What to work on
Leave out the pictures and repeat the entries below verbatim.

Excerpted data
--------------------------------
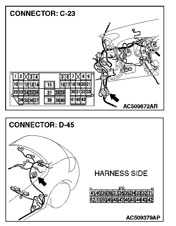 2. Disconnect intermediate connector C-23 and convertible top control module connector D-45, and measure the resistance at the male side of intermediate connector C-23 (at front wiring harness side).
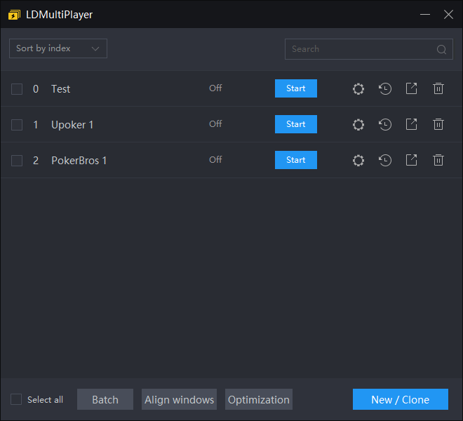 - Instances of LDPlayer (Upoker, PokerBros etc.)
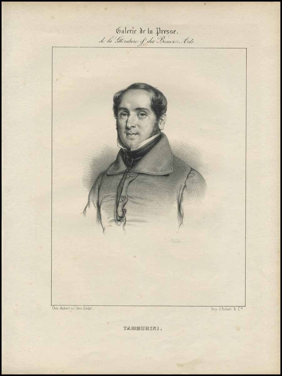 [Tamburini, Antonio. (1800 - 1876)]. Portrait Lithograph. Paris: Chez Aubert, galerie Véro-Dodat. . [ca. 1840]. Portrait lithograph of the great Italian baritone, creator of numerous Bellini and Donizetti roles. Published Chez Aubert gal. Vero-Dodat and printed by Imp d'Aubert & C., as extracted from "Galerie de la presse, de la littérature et des beaux-arts." A little toned around the edges, otherwise in fine condition. 20.5 x 27 cm (the full sheet).
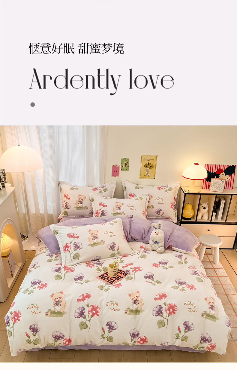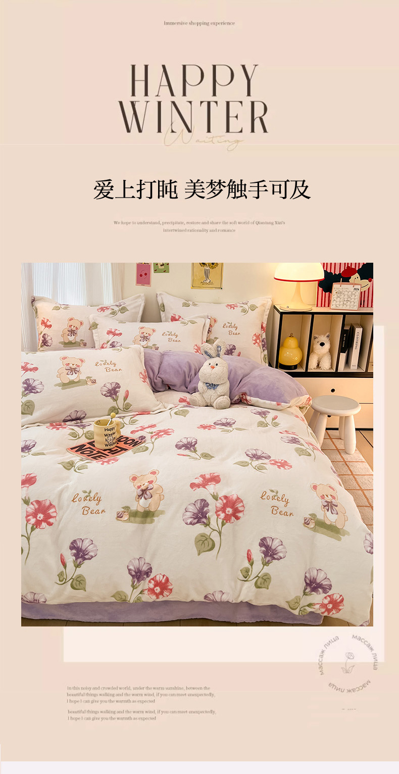 (总)倾慕家纺 2025新款卡通毛巾绣加厚保暖牛奶绒四件套,爱心女孩,咖啡小狗,猫咪熊兔,迷你小车,圣诞树熊,音乐企鹅
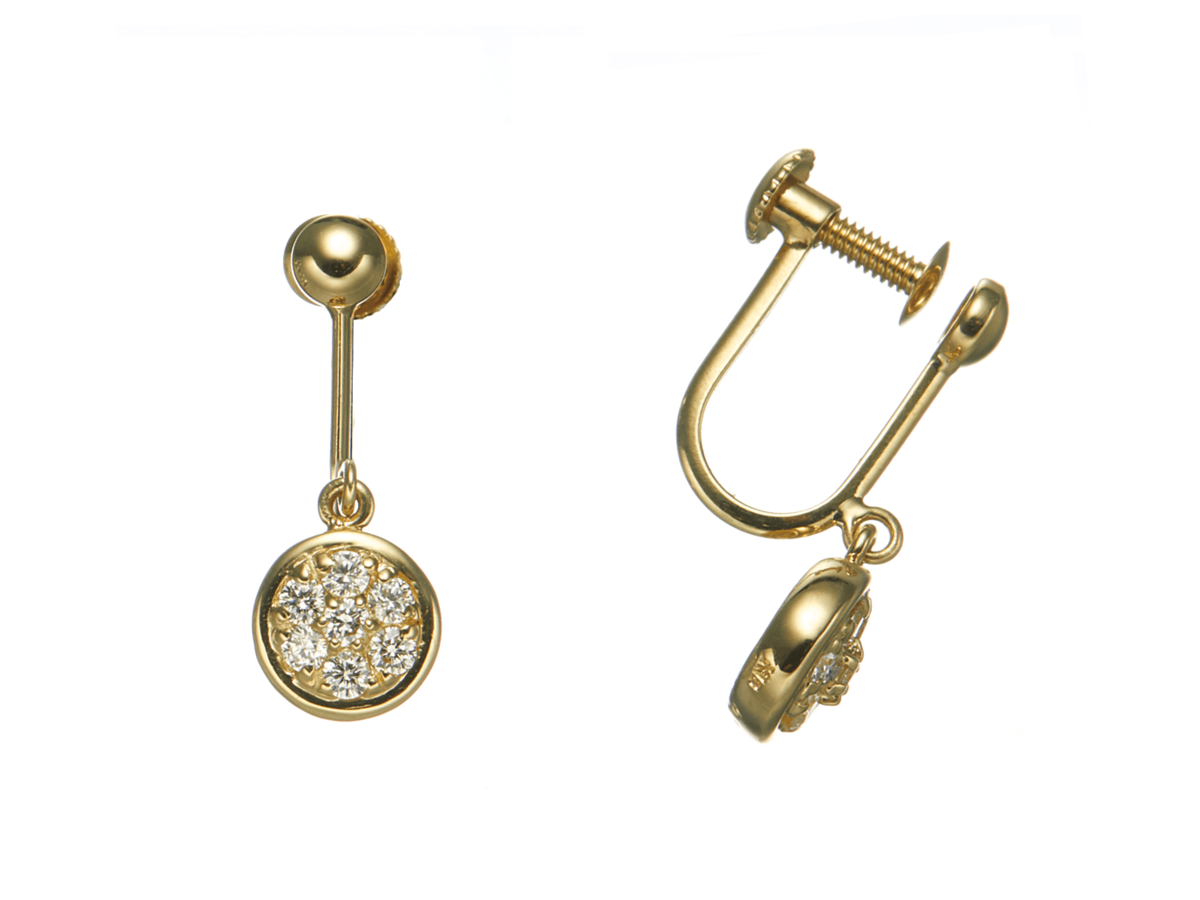 K18ダイヤモンドラウンドスウィングイヤリング0.2ct[WG/YG]
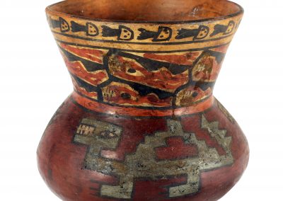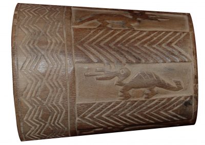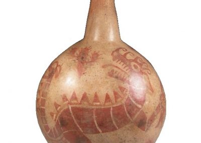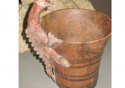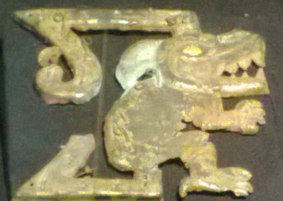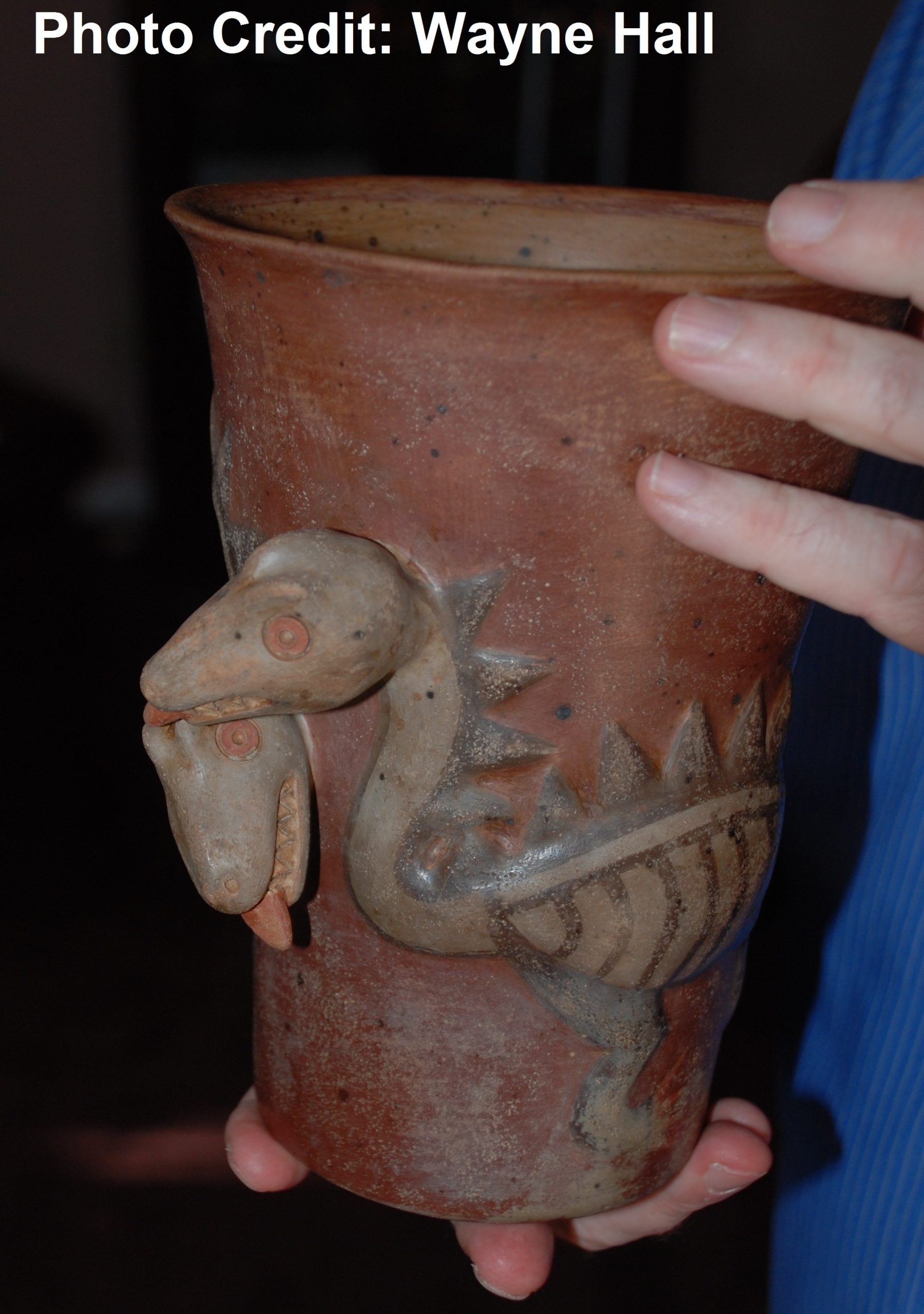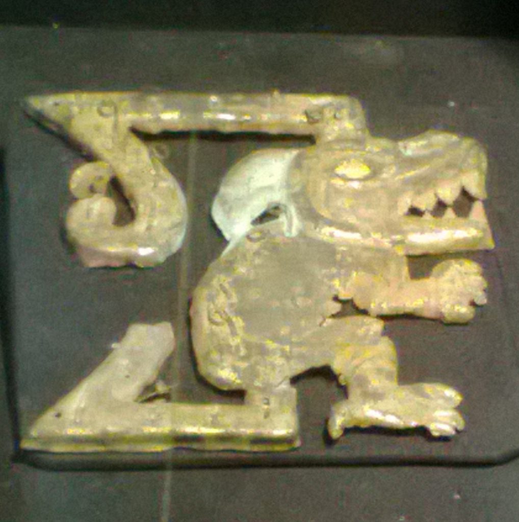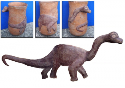 Next is an artifact from Tiwanaku, an important Pre-Columbian archaeological site in Bolivia. Tiwanaku is recognized by Andean scholars as one of the most important precursors to the Inca Empire. The vase appears to depicts “dueling dinosaurs” and is believed to date from 500 – 1000 A.D. The style closely resembles the Nasca dinosaurian depictions (on the Ica Stones).
--------------------------------
Solution below
 2. Disconnect intermediate connector C-23 and convertible top control module connector D-45, and measure the resistance at the male side of intermediate connector C-23 (at front wiring harness side).
 - Instances of LDPlayer (Upoker, PokerBros etc.)
 [Tamburini, Antonio. (1800 - 1876)]. Portrait Lithograph. Paris: Chez Aubert, galerie Véro-Dodat. . [ca. 1840]. Portrait lithograph of the great Italian baritone, creator of numerous Bellini and Donizetti roles. Published Chez Aubert gal. Vero-Dodat and printed by Imp d'Aubert & C., as extracted from "Galerie de la presse, de la littérature et des beaux-arts." A little toned around the edges, otherwise in fine condition. 20.5 x 27 cm (the full sheet).
 (总)倾慕家纺 2025新款卡通毛巾绣加厚保暖牛奶绒四件套,爱心女孩,咖啡小狗,猫咪熊兔,迷你小车,圣诞树熊,音乐企鹅
 K18ダイヤモンドラウンドスウィングイヤリング0.2ct[WG/YG]
 Next is an artifact from Tiwanaku, an important Pre-Columbian archaeological site in Bolivia. Tiwanaku is recognized by Andean scholars as one of the most important precursors to the Inca Empire. The vase appears to depicts “dueling dinosaurs” and is believed to date from 500 – 1000 A.D. The style closely resembles the Nasca dinosaurian depictions (on the Ica Stones).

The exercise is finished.